• REQUIRED WORK
Please print only the top portion of the entries below, ending with the line that contains "1BR 1BA 588", exactly as written.

[Start of section]

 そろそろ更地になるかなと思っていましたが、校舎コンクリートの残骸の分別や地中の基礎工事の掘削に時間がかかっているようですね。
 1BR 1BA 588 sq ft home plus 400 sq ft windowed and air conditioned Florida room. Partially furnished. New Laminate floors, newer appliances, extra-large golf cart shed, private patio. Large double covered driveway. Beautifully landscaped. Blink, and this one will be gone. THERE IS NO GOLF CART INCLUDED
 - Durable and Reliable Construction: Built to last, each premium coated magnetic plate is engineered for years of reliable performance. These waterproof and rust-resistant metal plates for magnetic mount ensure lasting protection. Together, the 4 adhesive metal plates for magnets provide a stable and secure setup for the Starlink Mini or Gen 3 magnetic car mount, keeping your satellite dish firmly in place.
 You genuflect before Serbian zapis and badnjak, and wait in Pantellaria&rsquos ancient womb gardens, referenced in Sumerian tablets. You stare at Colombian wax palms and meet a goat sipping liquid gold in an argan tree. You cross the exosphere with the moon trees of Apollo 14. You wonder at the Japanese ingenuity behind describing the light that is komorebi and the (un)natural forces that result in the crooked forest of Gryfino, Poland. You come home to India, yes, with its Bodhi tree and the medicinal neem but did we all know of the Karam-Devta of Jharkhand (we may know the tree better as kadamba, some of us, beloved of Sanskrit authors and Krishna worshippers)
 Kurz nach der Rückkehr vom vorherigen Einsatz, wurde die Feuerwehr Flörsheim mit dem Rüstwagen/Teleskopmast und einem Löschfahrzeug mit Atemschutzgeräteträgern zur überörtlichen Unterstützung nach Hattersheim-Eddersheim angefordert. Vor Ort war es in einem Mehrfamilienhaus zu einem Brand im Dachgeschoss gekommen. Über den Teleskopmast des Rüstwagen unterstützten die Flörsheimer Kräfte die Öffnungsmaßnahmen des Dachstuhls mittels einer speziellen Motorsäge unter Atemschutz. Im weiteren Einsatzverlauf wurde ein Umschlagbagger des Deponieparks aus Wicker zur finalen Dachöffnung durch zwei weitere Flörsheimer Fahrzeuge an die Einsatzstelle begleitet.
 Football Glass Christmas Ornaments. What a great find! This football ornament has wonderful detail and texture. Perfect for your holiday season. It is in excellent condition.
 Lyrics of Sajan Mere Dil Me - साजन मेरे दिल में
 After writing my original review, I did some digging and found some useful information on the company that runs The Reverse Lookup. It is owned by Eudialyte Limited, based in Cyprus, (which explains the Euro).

[End of section]

• COMPLETED TASK
 そろそろ更地になるかなと思っていましたが、校舎コンクリートの残骸の分別や地中の基礎工事の掘削に時間がかかっているようですね。
 1BR 1BA 588 sq ft home plus 400 sq ft windowed and air conditioned Florida room. Partially furnished. New Laminate floors, newer appliances, extra-large golf cart shed, private patio. Large double covered driveway. Beautifully landscaped. Blink, and this one will be gone. THERE IS NO GOLF CART INCLUDED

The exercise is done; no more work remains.